Но назвать брата-славянина расистом язык не повернется. Русский, сидящий, по его собственному мнению, у Христа за пазухой и кричащий оттуда свои пуристские лозунги, больше всего не любит русского. Именно нелюбовь к брату своему, к земле своей и заставляет его порой так некрасиво отзываться о других.
Эти ребята приехали сюда потому, что здесь больше возможностей заработать. Покинули родной дом, оставив семью и друзей, и перебрались в холодную страну, в которой их не уважают, задерживают зарплаты, если вообще выплачивают, обзывают чурками, не дают точить сраные ломы; им приходится жить в маленьких грязных комнатах, каждодневно трясь друг об друга задницами, и постоянно испытывать стресс.
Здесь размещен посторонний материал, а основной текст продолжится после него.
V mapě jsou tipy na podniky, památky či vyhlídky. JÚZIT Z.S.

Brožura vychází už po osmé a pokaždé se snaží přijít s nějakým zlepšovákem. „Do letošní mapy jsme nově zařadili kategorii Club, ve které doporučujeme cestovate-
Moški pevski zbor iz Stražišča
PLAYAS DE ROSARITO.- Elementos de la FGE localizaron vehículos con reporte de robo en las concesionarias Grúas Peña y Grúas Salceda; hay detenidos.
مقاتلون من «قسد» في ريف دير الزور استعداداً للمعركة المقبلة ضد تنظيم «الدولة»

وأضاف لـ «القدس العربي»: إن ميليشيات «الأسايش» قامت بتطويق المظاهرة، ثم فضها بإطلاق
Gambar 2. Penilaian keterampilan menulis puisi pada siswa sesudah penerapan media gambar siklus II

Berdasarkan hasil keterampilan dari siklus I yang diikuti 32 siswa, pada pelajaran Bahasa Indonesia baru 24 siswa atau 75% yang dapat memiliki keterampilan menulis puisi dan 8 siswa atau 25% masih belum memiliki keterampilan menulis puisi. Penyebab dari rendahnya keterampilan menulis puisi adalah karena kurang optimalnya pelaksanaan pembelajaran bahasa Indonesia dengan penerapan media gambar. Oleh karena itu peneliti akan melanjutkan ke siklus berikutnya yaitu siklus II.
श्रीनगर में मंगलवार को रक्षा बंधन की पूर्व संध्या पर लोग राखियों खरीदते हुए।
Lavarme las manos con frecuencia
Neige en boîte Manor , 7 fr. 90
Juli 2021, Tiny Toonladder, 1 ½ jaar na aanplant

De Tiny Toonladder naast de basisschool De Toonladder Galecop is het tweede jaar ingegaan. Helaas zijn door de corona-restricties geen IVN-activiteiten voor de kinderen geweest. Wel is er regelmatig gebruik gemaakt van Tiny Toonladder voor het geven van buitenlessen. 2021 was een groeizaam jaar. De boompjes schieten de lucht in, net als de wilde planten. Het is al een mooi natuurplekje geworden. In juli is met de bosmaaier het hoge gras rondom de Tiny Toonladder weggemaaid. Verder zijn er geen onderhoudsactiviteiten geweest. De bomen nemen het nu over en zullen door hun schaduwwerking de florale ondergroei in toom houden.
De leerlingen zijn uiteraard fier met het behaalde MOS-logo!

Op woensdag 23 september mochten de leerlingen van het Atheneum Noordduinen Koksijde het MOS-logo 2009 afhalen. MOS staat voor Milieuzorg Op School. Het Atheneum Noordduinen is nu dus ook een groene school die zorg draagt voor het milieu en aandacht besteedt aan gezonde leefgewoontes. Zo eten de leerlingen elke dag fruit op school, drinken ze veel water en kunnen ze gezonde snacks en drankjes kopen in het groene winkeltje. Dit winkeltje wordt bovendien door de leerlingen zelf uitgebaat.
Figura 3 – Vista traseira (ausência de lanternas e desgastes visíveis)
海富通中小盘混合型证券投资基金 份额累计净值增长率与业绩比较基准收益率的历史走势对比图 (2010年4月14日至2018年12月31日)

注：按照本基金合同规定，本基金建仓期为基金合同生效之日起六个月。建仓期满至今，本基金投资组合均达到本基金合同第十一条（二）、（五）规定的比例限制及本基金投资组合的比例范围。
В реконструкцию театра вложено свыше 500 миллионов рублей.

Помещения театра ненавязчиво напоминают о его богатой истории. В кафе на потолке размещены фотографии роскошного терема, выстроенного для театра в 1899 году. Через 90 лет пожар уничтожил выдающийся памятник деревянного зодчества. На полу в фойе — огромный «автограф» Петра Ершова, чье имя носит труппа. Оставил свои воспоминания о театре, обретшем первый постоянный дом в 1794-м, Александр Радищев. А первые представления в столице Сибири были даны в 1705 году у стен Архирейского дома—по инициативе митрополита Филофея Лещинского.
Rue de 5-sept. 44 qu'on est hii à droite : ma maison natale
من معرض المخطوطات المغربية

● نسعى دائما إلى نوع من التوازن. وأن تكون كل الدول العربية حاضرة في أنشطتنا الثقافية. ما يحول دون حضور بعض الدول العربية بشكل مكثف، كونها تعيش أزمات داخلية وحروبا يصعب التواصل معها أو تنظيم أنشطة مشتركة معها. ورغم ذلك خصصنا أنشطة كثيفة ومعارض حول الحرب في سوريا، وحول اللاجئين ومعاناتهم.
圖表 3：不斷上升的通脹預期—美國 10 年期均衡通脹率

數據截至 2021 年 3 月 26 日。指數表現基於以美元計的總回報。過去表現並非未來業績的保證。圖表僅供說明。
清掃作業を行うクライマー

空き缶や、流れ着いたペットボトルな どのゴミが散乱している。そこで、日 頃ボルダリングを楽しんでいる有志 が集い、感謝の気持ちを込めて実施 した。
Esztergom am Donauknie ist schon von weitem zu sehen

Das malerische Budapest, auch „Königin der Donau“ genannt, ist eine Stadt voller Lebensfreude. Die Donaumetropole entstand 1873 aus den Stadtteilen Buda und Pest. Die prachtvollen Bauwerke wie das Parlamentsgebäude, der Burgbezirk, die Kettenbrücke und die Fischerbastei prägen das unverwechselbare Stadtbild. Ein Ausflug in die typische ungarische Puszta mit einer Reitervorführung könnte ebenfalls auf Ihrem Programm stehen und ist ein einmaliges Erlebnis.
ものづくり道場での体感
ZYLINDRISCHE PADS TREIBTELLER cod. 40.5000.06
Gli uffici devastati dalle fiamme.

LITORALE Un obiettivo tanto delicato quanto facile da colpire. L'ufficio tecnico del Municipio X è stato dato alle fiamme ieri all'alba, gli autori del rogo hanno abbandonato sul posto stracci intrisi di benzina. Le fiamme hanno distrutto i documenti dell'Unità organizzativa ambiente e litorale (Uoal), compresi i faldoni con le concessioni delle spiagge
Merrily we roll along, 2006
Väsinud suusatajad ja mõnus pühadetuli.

Но они – враги, приехавшие выполнять ту работу, за которую никто не берется.
А потом эти люди со спутанными головами, нацепив платки, идут крестить ребенка. Жду того дня, когда церковники будут обслуживать только тех людей, которые знают, о чем говорит их вера.
Непосредственно в сам гараж расовая сегрегация пустила только грузного водителя грейдера, с кустистыми и черными, как щетка, бровями. Большую часть жизни Карен прожил в России и не хуже всех нас знает эту страну. Он свободно говорит по-русски, как и все, обсуждает политику и, как и все, жалуется на жизнь. Кстати, есть почему. Но и за его спиной, когда кому-то не нравится то, что он говорит, пролетает лестное слово «армяшка». Не все ли равно, что ему Севан теплее Волги?
Когда снега нет, то техника простаивает, когда он есть, то ее не хватает.
За распределение машин по району отвечает Алла Николаевна, высокая взрослая женщина с белыми кудрями, торчащими вверх. Она носит круглые очки, которые подчеркивают стальной пронзительный взгляд. Она проводит дни в своём кабинете, либо колесит с водителем на старой «Волге» по району, следя за тем, чтобы улицы убирались хорошо. Алла Николаевна впервые обращается ко мне, только я успеваю войти в гараж:
– Трактор-то на ходу у тебя? – ни здрасте, ни до свидания.
– Ну да.
– С Женей до заправки доедешь, потом за ним же катайся. Он те объяснит, что делать. Номер девочек у тебя есть, если что.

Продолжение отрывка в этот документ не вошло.